You don't need to apologise for asking questions and stupid questions are those never answered...!

I use that Resin so could you elaborate if you are using the fast or slow dry one..?

Some epoxy resins are very weather/temps sensitive and these Bio resins are the worse so, the decision to use a fast setting resin that can be worked on in about 48 hours the slow setting resin will take well over 7 days before it can be worked on.

In my experience working with these resins, they do a great job at casting, I always use the fast set resin it gives you over 1 1/2 hours of working time in Winter and in Summer you still have about 20 minutes which is plenty, however, I have found that molds put in the pressure pot at 80 PSI pressure are completely set in 24 hours with temps about 20 to 25C in colder days as we have been having plenty of those, I put one of those fan forced small heaters about 2' from the pressure pots and that assures that the resin is set and hard when the pot lid is open, however, any molds or small leftovers that didn't fit in my 2 pressure pots, when I take the set molds out of the pots those containers with the exact same resin mix are still soft to very soft, this is the case in Winter and temps below 20C

So, you are using a good resin and damn expensive as hell, if the mix of 2 to 1 is not perfect/accurate it will cause lots of problems, it will never set faster than it should but the contrary is the case, I had experiments reversing the amounts of resin and hardener normally 2 to 1 but I used 2 parts hardener and 1 part resin, this was about 4 months ago and the mix did never set/got hard even putting it in the hot sun, it just doesn't harden but I have also experimented with 1 1/2 parts of resin and 1 part of hardener, that reduced amount of resin did affect the mix that took a good 14 days before it hardened enough to be worked on.
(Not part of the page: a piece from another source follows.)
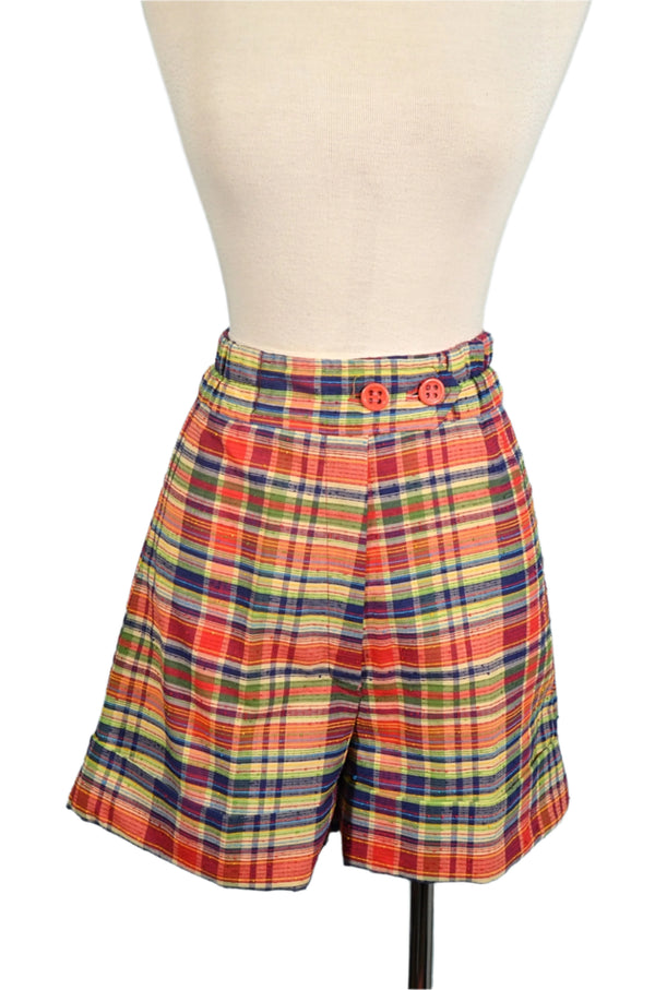 Vintage 70s Madras Plaid Shorts, 24" Waist
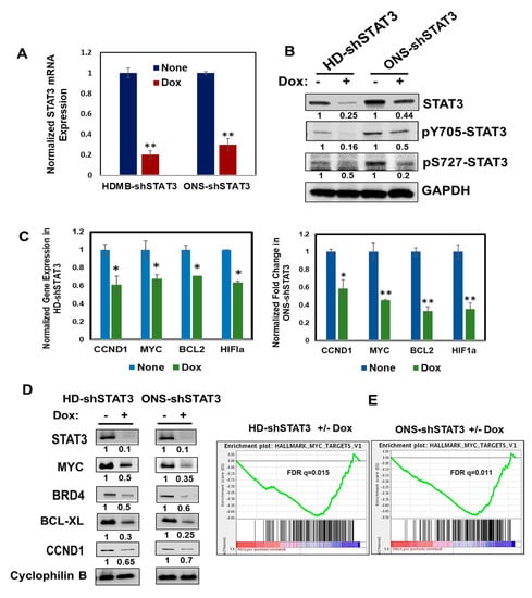 3.1. Doxycycline-Inducible STAT3 shRNA Decreases Endogenous STAT3 and STAT3 Targets

Another negative of these resins is that heat will make the hard/set resin to become soft and therefore deform easily so, friction from spinning on turning in between centres generates sufficient heat to soften the blank ends and therefore deform or squeeze them.

So, after the blanks were cast and you can tell that they are hard do not turn them as they are not cured, the complete cure happens between 7 to 14 days depending on the temps, only then the resin is hardened through and slightly less prone to be affected from small amounts of heat when turning.
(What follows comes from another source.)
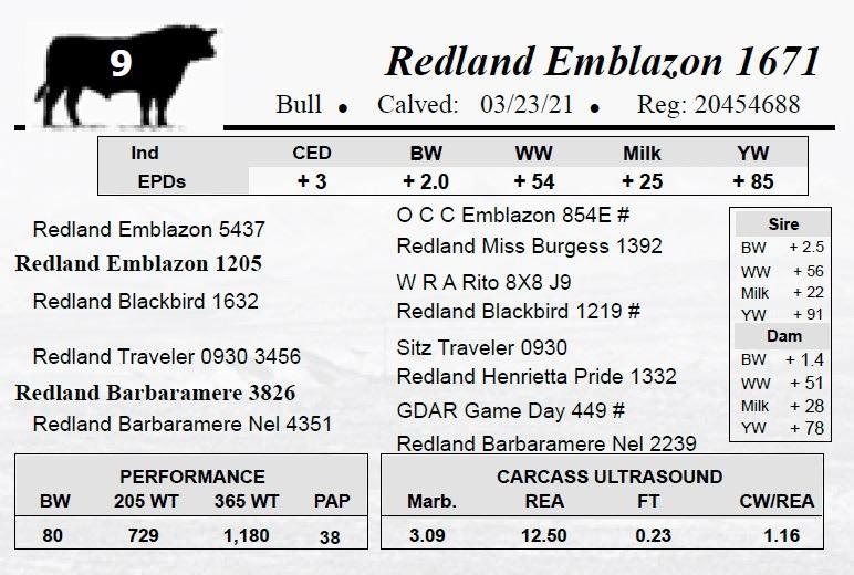 All bulls selling for $2,500 or more will be covered 50% by Redland Angus if they are injured during their first breeding season.
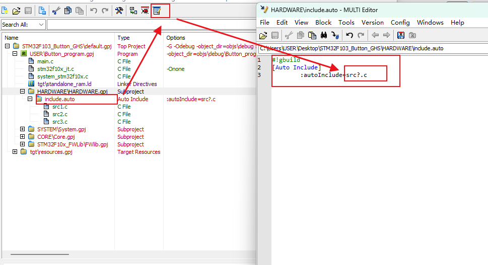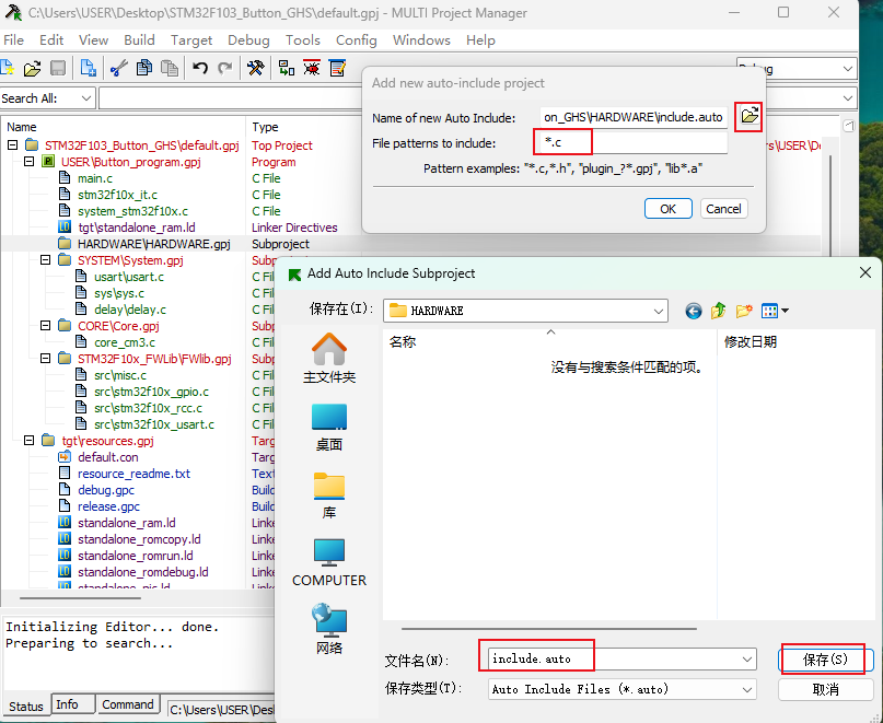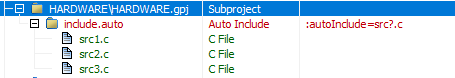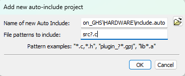 6)、如果在工程目录下,想要导入具有统一命名格式的文件,例如:src1.c、src2.c、src13.c这样的。可以在Add new auto-include project窗口中的File patterns to Include中输入"src?.c"。(如图4-6-1)用“?”表示通配符,只要是src开头的C文件都会导入进来。(如图4-6-2)

My first suggestion to you is, get a pressure pot and make sure if you mix wood in the resin that the wood is bone dry and lastly, give as much time as you can before you turn freshly cast blanks.

Hope this helps,

PS: I don't know where you are in Australia but if you are within driving distance from Mount Compass in SA, stop by and I will take you through a few tricks...!

Cheers
George


----------



## jttheclockman (Jun 12, 2019)

Wow this is a very good reply from George. Someone that has actually used that resin and has experienced the ins and outs of the different types. I am impressed and that should answer all of the OP questions. Good job.  

The one point that scares me just a tad is the 80 lbs of air pressure. That is quite high and would not recommend this is if using pots such as those from Harbor Freight or whatever they call them over there. Make sure the pot is a good quality. If using those foam molds they may not withstand that kind of pressure either. One other thing when heat is applied to a pressure tank it can raise the pressure inside. With resins I believe you do not need such high pressure with any of them but I do not know that resin. This is just a side thought on a very well presented answer to the OP by George.


----------



## robutacion (Jun 13, 2019)

jttheclockman said:


> Wow this is a very good reply from George. Someone that has actually used that resin and has experienced the ins and outs of the different types. I am impressed and that should answer all of the OP questions. Good job.
> 
> The one point that scares me just a tad is the 80 lbs of air pressure. That is quite high and would not recommend this is if using pots such as those from Harbor Freight or whatever they call them over there. Make sure the pot is a good quality. If using those foam molds they may not withstand that kind of pressure either. One other thing when heat is applied to a pressure tank it can raise the pressure inside. With resins I believe you do not need such high pressure with any of them but I do not know that resin. This is just a side thought on a very well presented answer to the OP by George.


Thank you John,

I can elaborate a bit on your concerns and in a way your observations are important and relevant as we sometimes forget that not everybody has the same knowledge and experiences, therefore, I'm glad you brought those issues up so that I can discuss them a little further.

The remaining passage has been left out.